Copy out the data in full and exactly, passing over the pictures.

Stored records
<<<<

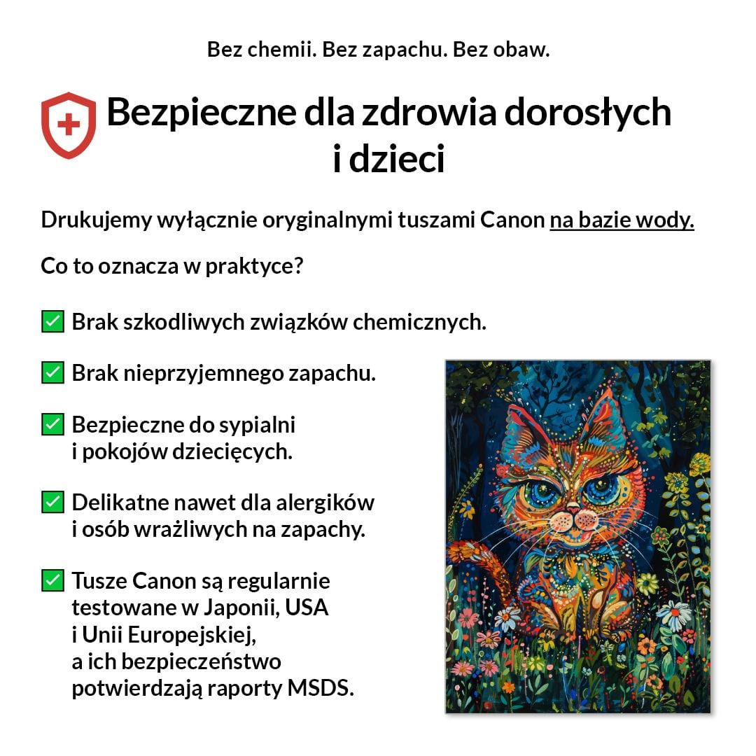Tak, absolutnie! Drukujemy wyłącznie certyfikowanymi, bezwonnymi tuszami pigmentowymi Canon Lucia Pro na bazie wody. Są one w pełni bezpieczne dla zdrowia, nie zawierają rozpuszczalników i mogą być bez obaw stosowane w sypialniach i pokojach dziecięcych.
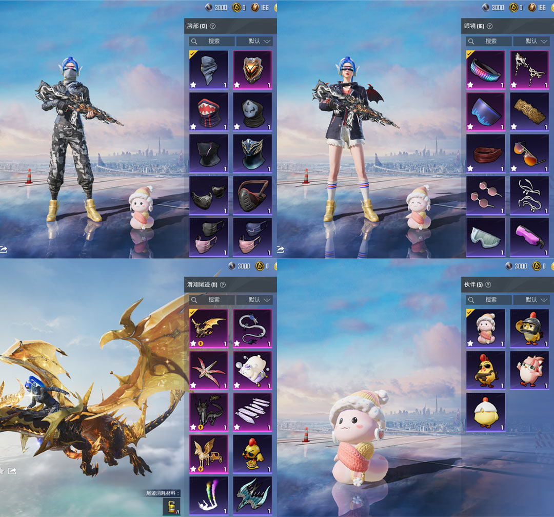 滑翔尾迹:龙翔九天飞行器/2级,沙丘之主天马/1级,镜域双华-灵镜之阶,圣域金龙/1级,灵珠游龙,,酣梦熊熊,祥瑞起舞,
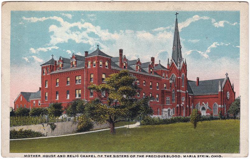 | Keywords: maria stein, ohio mariasteinohio saint marys, ohio saintmarysohio ohio postcard vintage 1923 hermann post card co. hermannpostcardco artchrom churches white border whiteborder white border era whiteborderera 1920s maria stein mariastein saint marys saintmarys st. marys stmarys st. marys, ohio stmarysohio outdoor photo border Description on card: Mother House and Relic Chapel of the Sisters of the Precious Blood, Maria Stein, Ohio. Publisher: Hermann Post Card Co., 4333 N. Lincoln Street, Chicago, Ill. Postmark on back of card: Aug 17, 1923 6:30 p.m. Description on card: Mother House and Relic Chapel of the Sisters of the Precious Blood, Maria Stein, Ohio. Publisher: Hermann Post Card Co., 4333 N. Lincoln Street, Chicago, Ill. Postmark on back of card: Aug 17, 1923 6:30 p.m. |
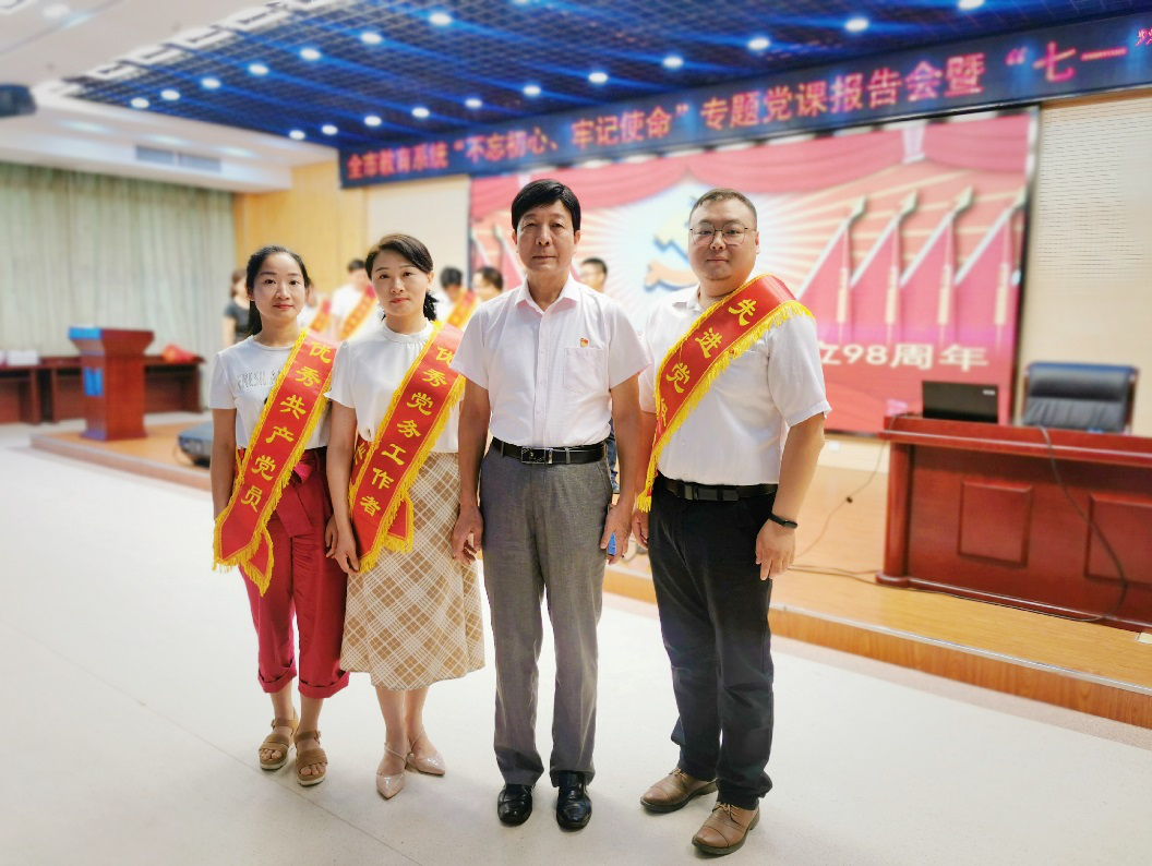 6月28日🍹,合肥市教育系统“不忘初心,牢记使命”专题党课报告会暨“七一”表彰大会在合肥工业学校隆重召开。我院党委副书记、副院长刘瑞平,党员代表朱彩娣🙏🏻、夏萍以及高嵩等四名同志参加大会。
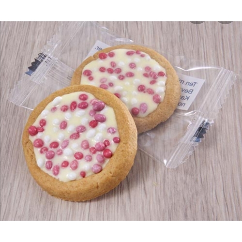 Wij hebben haar laten trakteren op deze koekjes in de vorm van beschuit met muisjes. Ze zijn echt heeerlijk! 2 stuks leuk in een zakje met lintje verpakt.
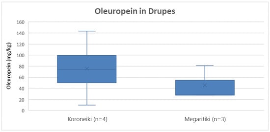 In drupes, descriptive statistics and statistical analysis were performed for the varieties Koroneiki and Megaritiki (n ≥ 3). The quantification results of oleuropein, tyrosol and hydroxytyrosol were examined.
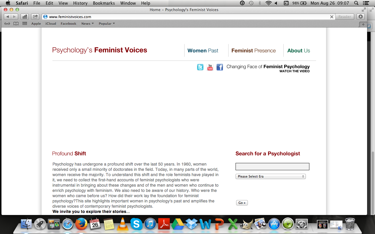 Other efforts at disseminating HoP have by passed blogs altogether, employing Facebook and Twitter as their primary means of communication. These include the Society for the History of Psychology (Division 26 of the American Psychological Association), which communicates primarily through its Facebook page, and Psychology’s Feminist Voices, a multi-media internet archive, which has both a Facebook and Twitter presence.
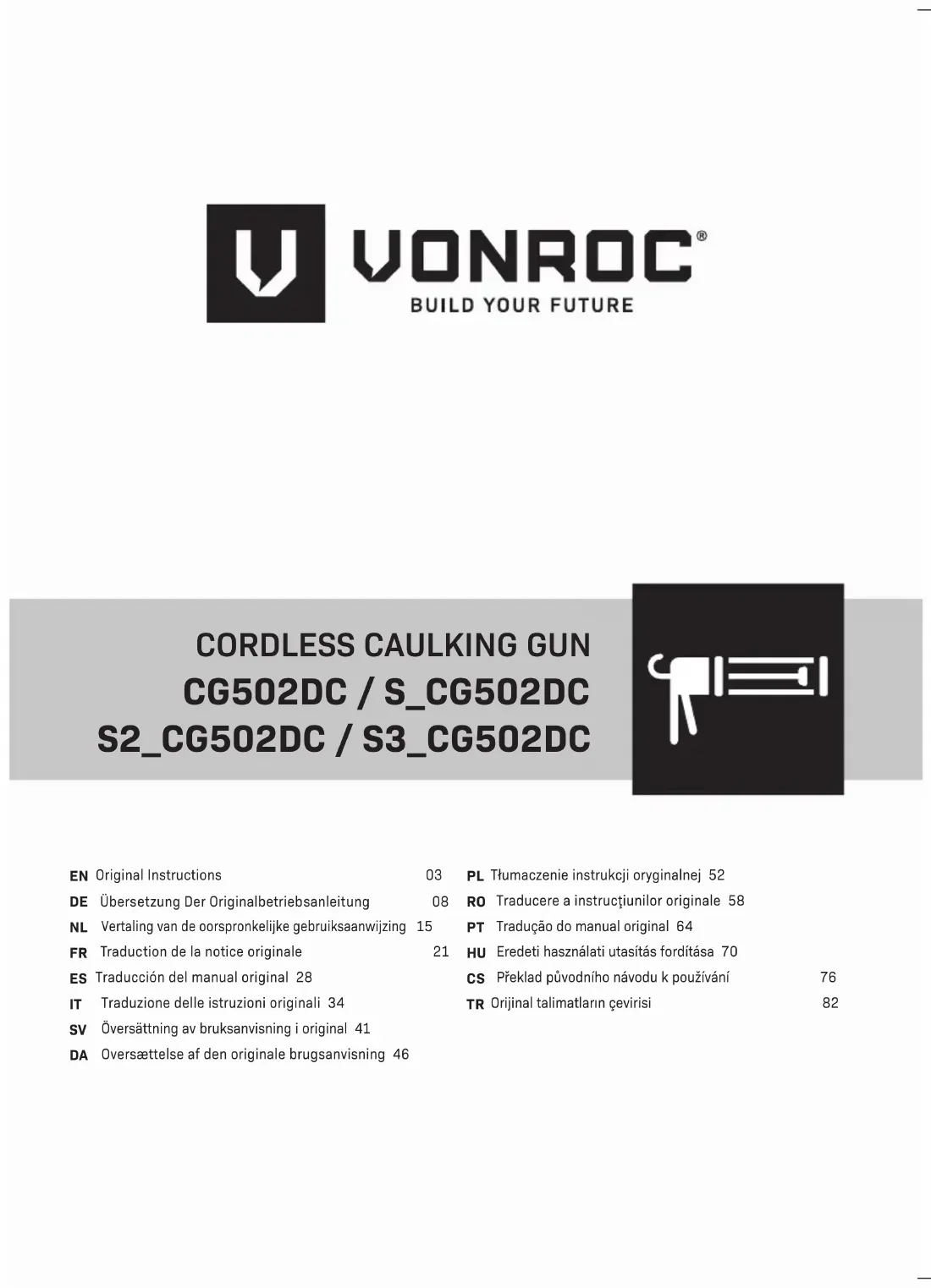 S_ CG502DC CD801AA CD802AA S2_ CG502DC 2 x CD801AA CD802AA S3_ CG502DC CD803AA CD802AA Informations sur la machine Tension 20V Taille de la cartouche 310mlVitesse d'avance 1-4mm/sForce d'extrusion 1,18kNNiveau de pression sonore L 61,8dB(A) Niveau de puissance sonore L 69,8dB(A), K=5dB(A)Vibration a <2,5m/s², K=1,5m/ s²Poids 1,4kg N° de modèle CD801AA Type de batterie Lithium-IonTension 20V Capacité 2.0 AhChargeur recommandé CD802AAPoids 0,3 kg N° de modèle CD802AA Entrée chargeur 220-240V, 50Hz 0,4ASortie chargeur 21V 2,5ADurée de charge batterie 2Ah 60 minutesDurée de charge batterie 4Ah 120 minutesBatteries recommandées CD801AA, CD803AAPoids 0,36 kg N° de modèle CD803AA Type de batterie Lithium-IonTension 20V Capacité 4.0 AhChargeur recommandé CD802AAPoids 0,65 kg N'utilisez que les batteries suivantes de la plate- forme Batterie VONROC VPOWER 20V. L'utilisation de toute autre batterie pourrait provoquer de graves blessures ou endommager l'outil. CD801AA 20V, 2Ah Lithium-Ion CD803AA 20V, 4Ah Lithium-Ion Le chargeur suivant peut être utilisé pour recharger ces batteries. CD802AA Chargeur rapide Les batteries de la plateforme Batterie VONROC VPOWER 20V sont interchangeables pour tous les outils de la plateforme Batterie VONROC VPOWER 20V. PRÉSENTATION Les numéros dans le texte font référence aux diagrammes de la page 2.
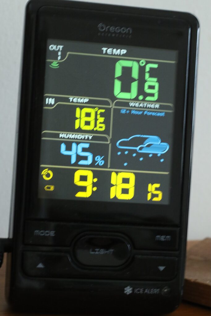 Just to show you the morning temperatures for the last four days, the two days before that were also below zero on getting up but never recorded them, as you can see at last the temperature has crept up today to be above zero, mainly because we had snow overnight. Not a great deal but enough to christen my snow shovel for the first time since last winter, put it this way a lot less hard work than the new owners of our old house is having to do at present.
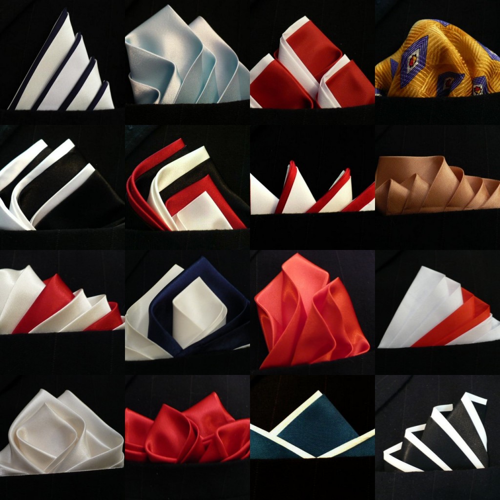 Точно сказать, какой размер правильный, сложно. Кроме того, что нагрудные карманы у разных моделей пиджаков и жилетов различаются, для платков из разных материалов тоже подходят различные размеры. Также вариант укладывания платка в карман влияет на выбор его размера.

>>>>

▸ **ANSWER SPACE**:
Tak, absolutnie! Drukujemy wyłącznie certyfikowanymi, bezwonnymi tuszami pigmentowymi Canon Lucia Pro na bazie wody. Są one w pełni bezpieczne dla zdrowia, nie zawierają rozpuszczalników i mogą być bez obaw stosowane w sypialniach i pokojach dziecięcych.
 滑翔尾迹:龙翔九天飞行器/2级,沙丘之主天马/1级,镜域双华-灵镜之阶,圣域金龙/1级,灵珠游龙,,酣梦熊熊,祥瑞起舞,
 | Keywords: maria stein, ohio mariasteinohio saint marys, ohio saintmarysohio ohio postcard vintage 1923 hermann post card co. hermannpostcardco artchrom churches white border whiteborder white border era whiteborderera 1920s maria stein mariastein saint marys saintmarys st. marys stmarys st. marys, ohio stmarysohio outdoor photo border Description on card: Mother House and Relic Chapel of the Sisters of the Precious Blood, Maria Stein, Ohio. Publisher: Hermann Post Card Co., 4333 N. Lincoln Street, Chicago, Ill. Postmark on back of card: Aug 17, 1923 6:30 p.m. Description on card: Mother House and Relic Chapel of the Sisters of the Precious Blood, Maria Stein, Ohio. Publisher: Hermann Post Card Co., 4333 N. Lincoln Street, Chicago, Ill. Postmark on back of card: Aug 17, 1923 6:30 p.m. |
 6月28日🍹,合肥市教育系统“不忘初心,牢记使命”专题党课报告会暨“七一”表彰大会在合肥工业学校隆重召开。我院党委副书记、副院长刘瑞平,党员代表朱彩娣🙏🏻、夏萍以及高嵩等四名同志参加大会。
 Wij hebben haar laten trakteren op deze koekjes in de vorm van beschuit met muisjes. Ze zijn echt heeerlijk! 2 stuks leuk in een zakje met lintje verpakt.
 In drupes, descriptive statistics and statistical analysis were performed for the varieties Koroneiki and Megaritiki (n ≥ 3). The quantification results of oleuropein, tyrosol and hydroxytyrosol were examined.
 Other efforts at disseminating HoP have by passed blogs altogether, employing Facebook and Twitter as their primary means of communication. These include the Society for the History of Psychology (Division 26 of the American Psychological Association), which communicates primarily through its Facebook page, and Psychology’s Feminist Voices, a multi-media internet archive, which has both a Facebook and Twitter presence.
 S_ CG502DC CD801AA CD802AA S2_ CG502DC 2 x CD801AA CD802AA S3_ CG502DC CD803AA CD802AA Informations sur la machine Tension 20V Taille de la cartouche 310mlVitesse d'avance 1-4mm/sForce d'extrusion 1,18kNNiveau de pression sonore L 61,8dB(A) Niveau de puissance sonore L 69,8dB(A), K=5dB(A)Vibration a <2,5m/s², K=1,5m/ s²Poids 1,4kg N° de modèle CD801AA Type de batterie Lithium-IonTension 20V Capacité 2.0 AhChargeur recommandé CD802AAPoids 0,3 kg N° de modèle CD802AA Entrée chargeur 220-240V, 50Hz 0,4ASortie chargeur 21V 2,5ADurée de charge batterie 2Ah 60 minutesDurée de charge batterie 4Ah 120 minutesBatteries recommandées CD801AA, CD803AAPoids 0,36 kg N° de modèle CD803AA Type de batterie Lithium-IonTension 20V Capacité 4.0 AhChargeur recommandé CD802AAPoids 0,65 kg N'utilisez que les batteries suivantes de la plate- forme Batterie VONROC VPOWER 20V. L'utilisation de toute autre batterie pourrait provoquer de graves blessures ou endommager l'outil. CD801AA 20V, 2Ah Lithium-Ion CD803AA 20V, 4Ah Lithium-Ion Le chargeur suivant peut être utilisé pour recharger ces batteries. CD802AA Chargeur rapide Les batteries de la plateforme Batterie VONROC VPOWER 20V sont interchangeables pour tous les outils de la plateforme Batterie VONROC VPOWER 20V. PRÉSENTATION Les numéros dans le texte font référence aux diagrammes de la page 2.
 Just to show you the morning temperatures for the last four days, the two days before that were also below zero on getting up but never recorded them, as you can see at last the temperature has crept up today to be above zero, mainly because we had snow overnight. Not a great deal but enough to christen my snow shovel for the first time since last winter, put it this way a lot less hard work than the new owners of our old house is having to do at present.
 Точно сказать, какой размер правильный, сложно. Кроме того, что нагрудные карманы у разных моделей пиджаков и жилетов различаются, для платков из разных материалов тоже подходят различные размеры. Также вариант укладывания платка в карман влияет на выбор его размера.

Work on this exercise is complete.